A many-splendored oppression

I got away with it. I think.

I had been looking forward to Arundhati Roy’s appearance in San Francisco tonight, but as luck would have it, I got only my second substitute teaching job since signing up for it in December today. That meant I was out of the house before dawn (I am normally a late riser) to get to it.

Both these jobs have reinforced a dissonance between the greater experience of learning I have had in post-secondary education with the experience of seeing children treated more or less as prisoners at a middle school and the experience today of seeing children with an irrepressible exuberance confined to chairs near the beginning of their learning careers who inevitably become “discipline” problems in a primary school.

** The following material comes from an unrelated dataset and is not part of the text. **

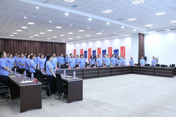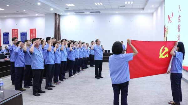(黨支部書記、董事長王煥一領誓) “起來,不愿做奴隸的人們……”在嘹亮而莊嚴的國歌聲中,大會正式開始!拔抑驹讣尤胫袊伯a(chǎn)黨,擁護黨的綱領,遵守黨的章程……”在公司黨支部書記、董事長王煥一領誓下,全體黨員重溫入黨誓詞,堅定有力的聲音響徹全場。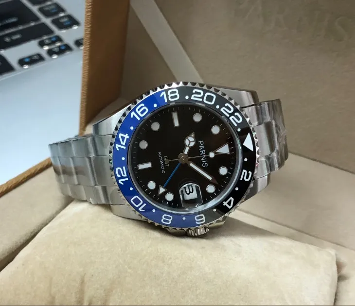 Product Name: 40mm PARNIS szafirowe GMT automatyczne maszyny ruch luminous zegarki męskie czarny i niebieski ceramiczna ramka szkiełka zegarka xjp230A

So for me, there is a paradox on top of a dissonance. Children need to learn. If they don’t, in this economic system, when they grow up, they will surely be condemned to low wage jobs–if they can find employment at all–that don’t pay rent, jobs that are often even worse than my abusive experience at Luxor Cab. But to attempt to contain this energy seems to me like asking the sun to stop shining. Worse, I fear it risks an anti-intellectual backlash as these kids mature.

And so, as I was driving to San Francisco, a place I generally avoid, tonight, my heart was heavy and my mind was pondering this paradox on top of a dissonance. Hitting traffic on Highway 101 getting into San Francisco meant I was also running out of time. Tired and under pressure, I chose the worst of four reasonably direct but also reasonably rational routes to the Arundhati Roy event. It was a rookie mistake, inexcusable in someone who has lived in and around San Francisco for as long as I have (all but about two years of the last forty-three) and who has driven cab there. It was an unmistakable sign my judgment was impaired.

But I also anticipated parking problems around the event; parking in almost every part of San Francisco has become dramatically more difficult particularly since voters approved the creation of the Department of Parking and Traffic. This agency was supposed to ease parking problems but has instead turned into the bane of most San Francisco car owners’ existences, generating a vast stream of revenue for the City. So I was delighted when approaching Mission High School, I spied its faculty parking lot, with spaces available.

At first, I didn’t give it a second thought. I pulled in and parked. I was attending a function in the school’s auditorium and there were lots of other cars in the parking lot–only some of which were displaying permits for overnight parking–and I assumed the rest were also owned by people attending the event. And nearly anywhere else I’ve lived, this would be a sensible way of viewing the situation.

But this is San Francisco. And when you’re unemployed, as I am, desperate, as I am, and broke, as I am, any ambiguity in a situation is unlikely to be resolved in your favor. San Francisco makes a fortune off of the naïve and off of people who share many aspects of my situation. I’m not faculty at Mission High School. I didn’t have one of those orange parking permits that I saw on the dashboards of some other vehicles. This reality began to sink in as I walked into the event.

As was to be expected, Arundhati Roy had many sensible and valuable things to say about oppression in the Kashmir, in India, and in other places, but by the end of her appearance, I was more than anxious to get out of there to retrieve a pickup truck that I would not be able to afford to get out of impound. And I had more to think about as I noticed a double flash of a red light camera that I think (hope) was aimed in another direction as I began making my way back out of the City and towards home.